Blackstone Group’s Good Year Shows
Private Equity News reported Blackstone Group’s chief executive Stephen Schwarzman won the battle for top earnings in 2014 after Schwarzman earned more than $690 million. It comes after the private equity firm managed to benefit from cashing out of investments in a positive atmosphere created by last year’s market conditions.
Schwarzman’s personal earnings grew by 52% in 2014, as the distributable earnings of the firm went up from $1.9 billion in 2013 to $3.1 billion last year. He received most of his earnings, a hefty $570 million, through dividends from Blackstone shares.
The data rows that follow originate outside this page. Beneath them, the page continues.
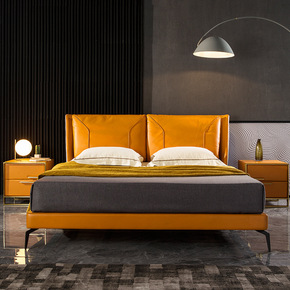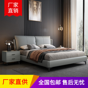 婚床ins真皮米简约网红皮床意式高档主卧北欧后现代...
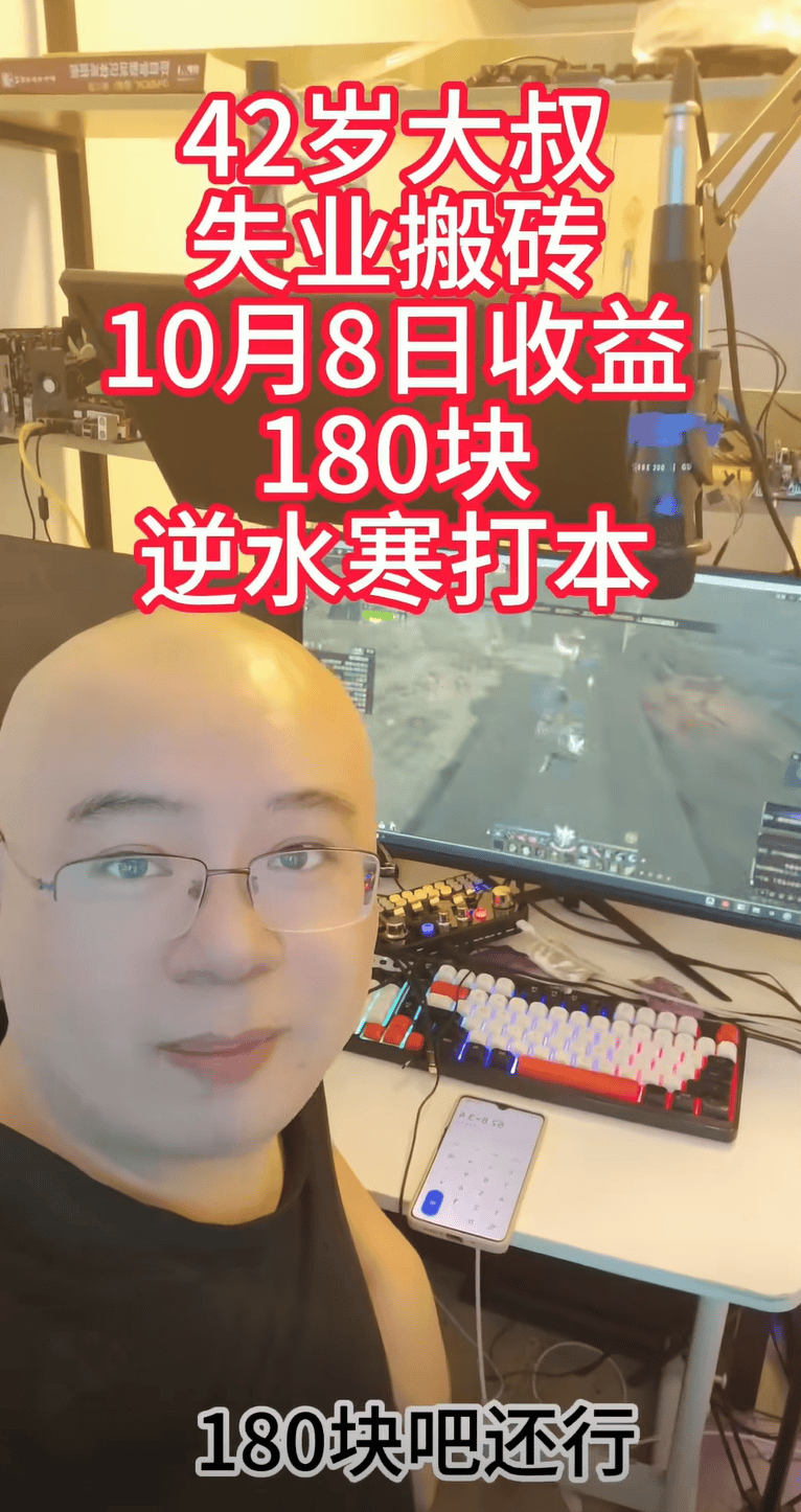 42岁的老陈在中年失业后,每天也在通过逆水寒黄金服搬砖挣钱,他每天收入在200元左右,再加上自媒体的收入,一个月差不多进账万元,可以维持一家四口的开支。
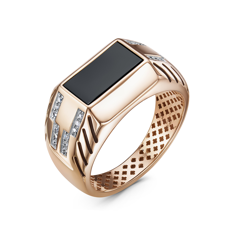 Печатка мужская из красного золота с ониксом и фианитами 122689
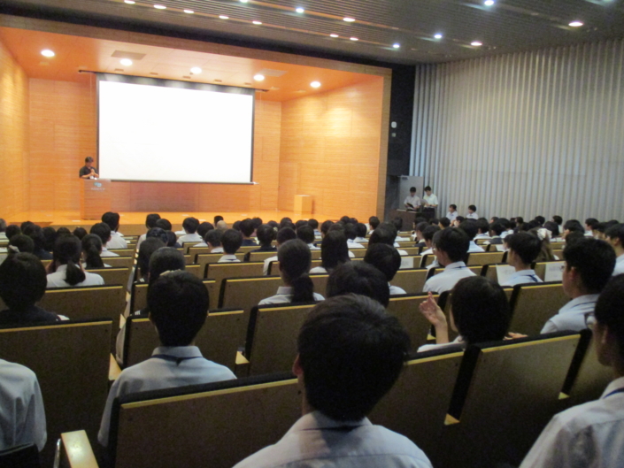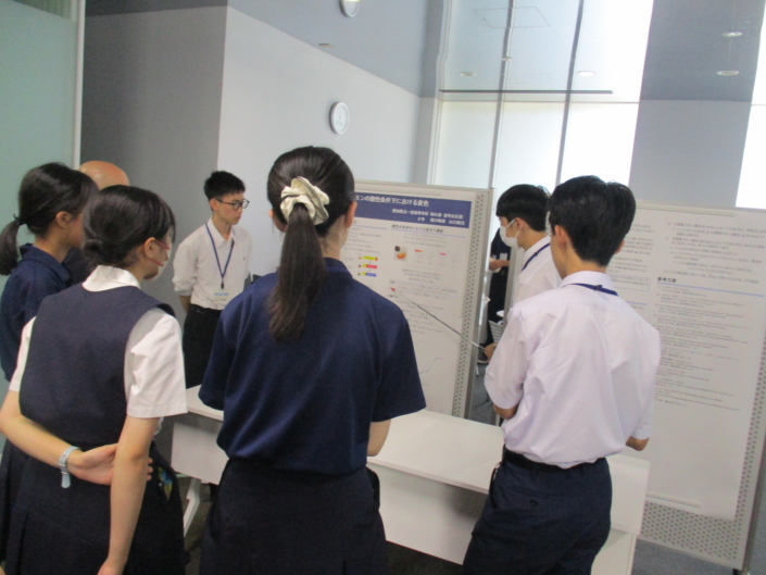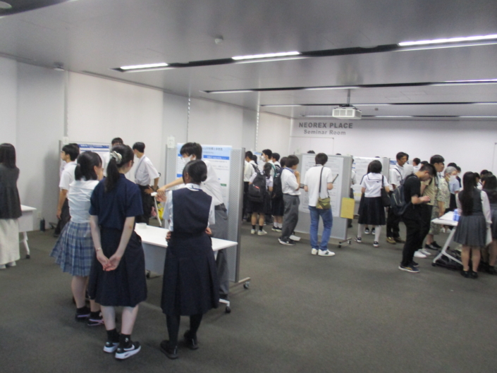 カンファレンスホールにて、各発表者は研究要旨を1分以内にまとめたミニスピーチを行い、ポスター会場に移動した後、研究内容と課題、展望の発表、質疑応答に臨みました。数学、情報、物理、地学、化学、生物などの様々な研究発表があり、発表者、聴衆の両者ともに、自身の課題研究を振り返り、深めるためのきっかけを得ました。ポスター発表では、発表者は複数の講師から指導、助言をもらい、閉会時には、参加者全員が大学教員の方々より研究を進める上で重視したい視点、姿勢についてのアドバイスをもらうことができました。
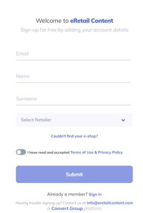 If you want a user to be added to the eRetail Content platform please use the following link https://app.eretailcontent.com/sign-up and fill in the fields requested to sign-up.
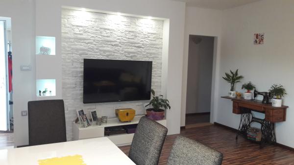Byt je velmi prostorný, moderní, čisté a pěkně zařízené. Kuchyně je opravdu vybaven všemi náležitostmi, kontejner je kvalitní a krásná. Pokoje jsou pohodlné, ve skříních, je spousta místa pro delší pobyt. Tam je stroj myčka a pračka. I v koupelně je krásná a rekonstrukcí. Byt má velkou terasu, kde v důsledku chladnějšího počasí, jsme se sedět v létě je určitě skvělé. Dům se nachází na okraji obce, na konci slepé uličky, je úplné ticho v noci a nic neruší spánek. Parkovací místa je dost. Staré Město se dostanete příjemnou procházkou. Já bych především pochválit opravdu přátelské hostitele, pro které byl náš pobyt ještě příjemnější. Vřele doporučuji.
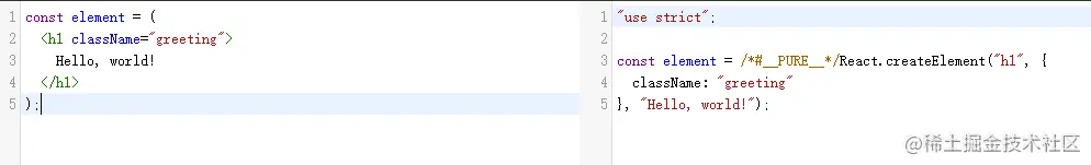 Babel 会把 JSX 转译成一个名为 React.createElement() 函数调用。我们可以理解 JSX 是 React.createElement() 函数的 语法糖。避免我们使用 React.createElement() 吭哧吭哧写 React.createElement() 函数需要的各种参数, JSX 语法以一种我们普遍能接受、学习成本低的、父子元素结构清晰的方式展示了我们想要表达的 “模板”。
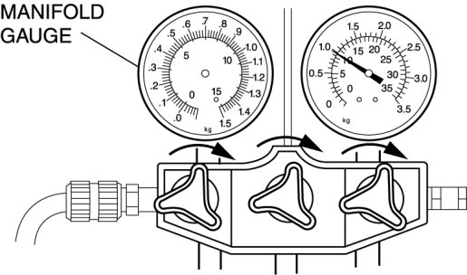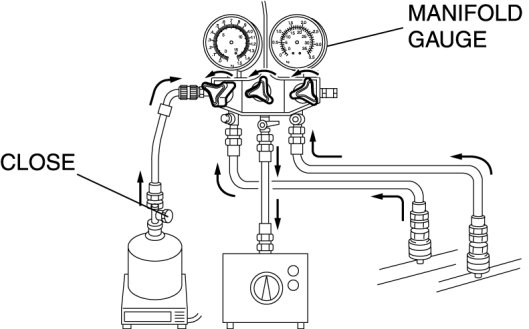 - Close the manifold gauge valve immediately after stopping the vacuum pump. If the valve is left open, the vacuum pump oil will flow back into the refrigeration cycle and cause a decrease in the efficiency of the air conditioner.
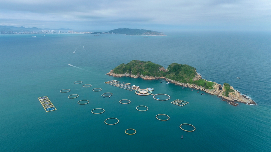 位于惠東港口的粵港澳流動漁民深海網箱養殖產業園。惠州日報記者楊建業 黃鑫威攝
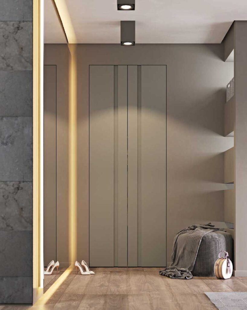 LINEA LISCIO LACCATO: porta ideata per cabine armadio con una comoda maniglia all’interno dell’anta, che combina eleganza e funzionalità in ambienti di design.
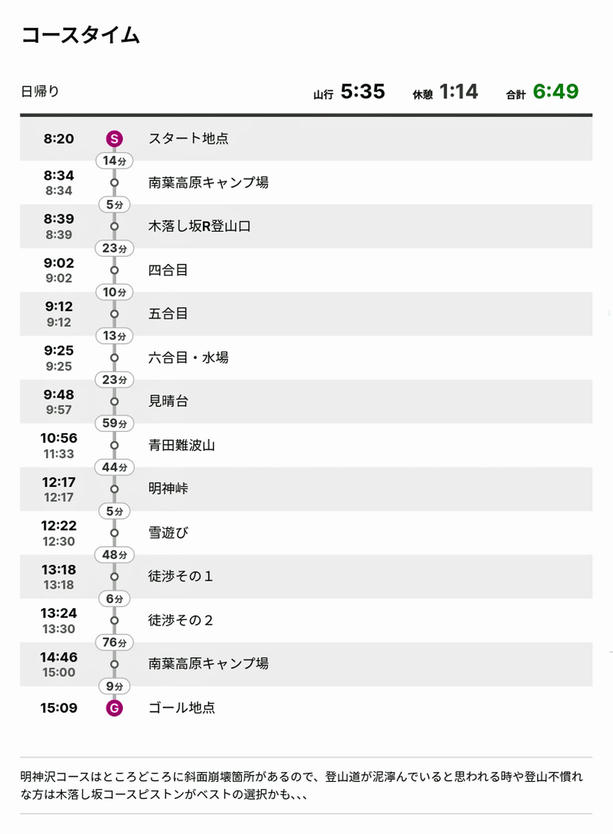 | 残雪などでルートをロストする可能性大なので紙地図・コンパス・GPSは必須 | ||||
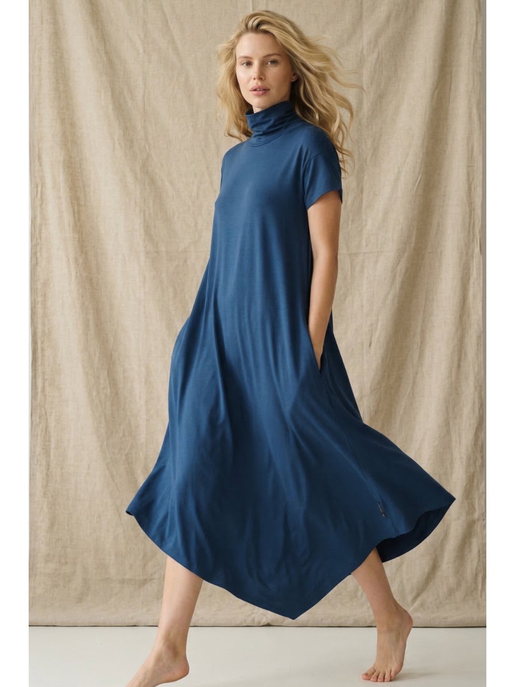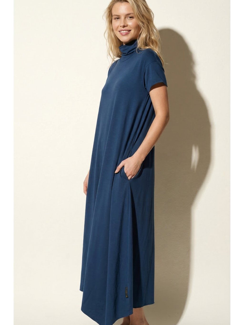 Modré dlouhé rolákové šaty Peyto nanoSPACE by LADA
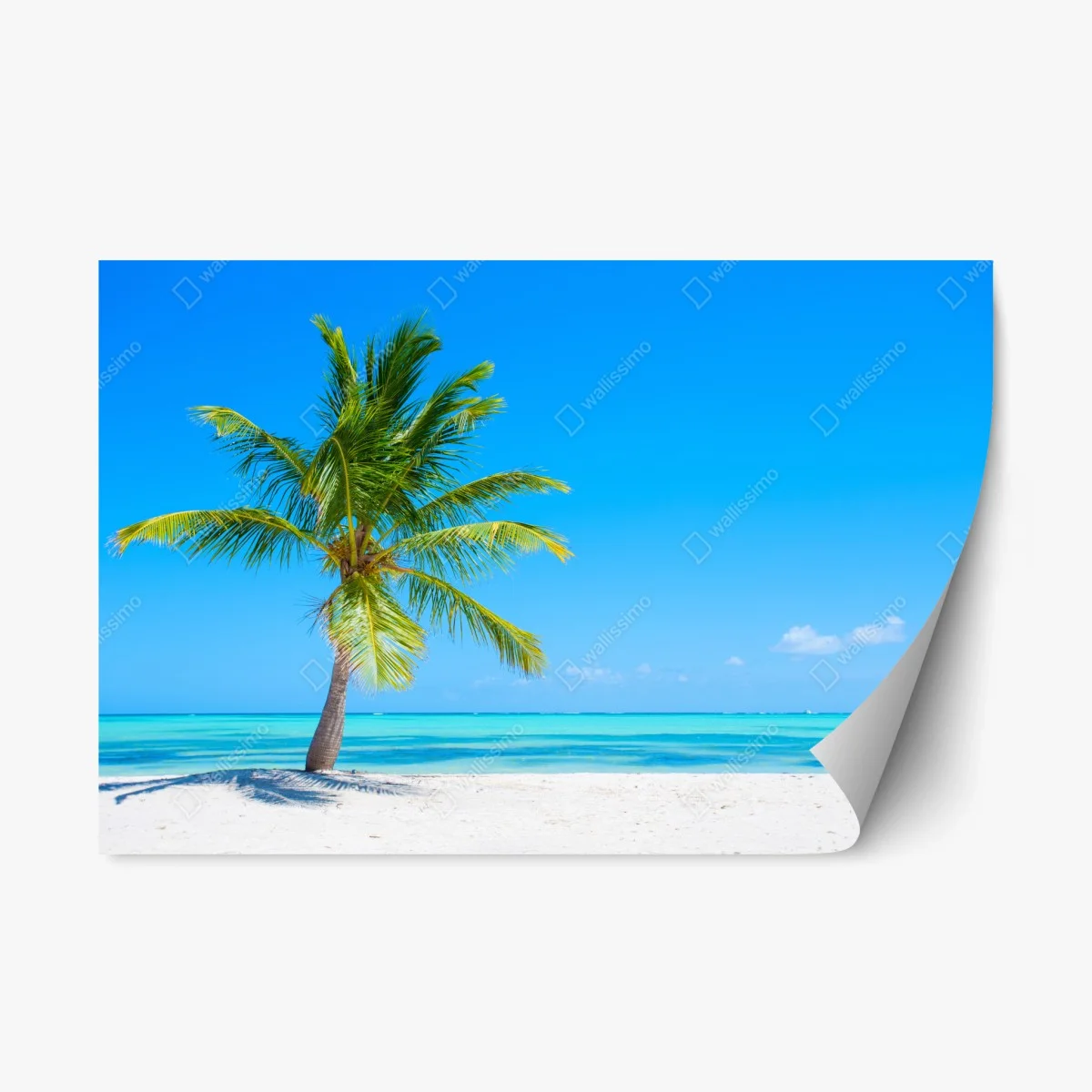 Naklejka repozycjonowalna Tropikalna palma na białej plaży

The other private equity CEOs didn’t do much worse. The New York Times reported that Leon D. Black, the chief executive of Apollo Global Management, earned $330.6 million last year. Similar to Schwarzman, Black made most of his money from the dividends from Apollo shares. But for Black, Apollo’s less successful year showed in the payslip, as his earnings did drop from 2013.
According to Reuters, the biggest firms don’t show detailed figures of “how much of the capital returned to their founders as a result of their personal investments in their funds is profit and how much is capital invested”.
Private Equity Firm Juniors Following Suit
Although private equity pay for junior associates has not been as attractive in recent years, the firms are now truly offering a pay rise to juniors. According to eFinancial Careers website, private equity associates’ cash compensation has gone up by 26% year on year on average.
Private equity firms have to compete with banks and other financial institutes for fresh talent, which has led to an increase in junior associate pay in the largest private equity firms (private equity funds with over $7.6 billion). Data by Kea Consultants shows that junior associate pay (at the two to four year level) has increased by 26% on average at the upper end of the spectrum and 23% on average at the lower end of the spectrum.
But the increase isn’t quite as staggering when you look at the large private equity firms (PE funds with $2.3-7.6 billion). In these firms, the junior level pay increase was only 14% and 6% on the upper and lower ends of the spectrum respectively.
Furthermore, the small- and mid-sized private equity firms (PE funds with $538 million to $2.3 billion) saw slight declines in earnings.
The Big Picture
The recent reports on earnings are part of the bigger picture in regards of private equity. The competition is heating up and firms are competing to attract the investors. At the same time, the funds are sitting on a lot of capital, hoping to find attractive ways to get rid off it. Until they do so, it can be difficult to increase earnings for the associates and the management staff.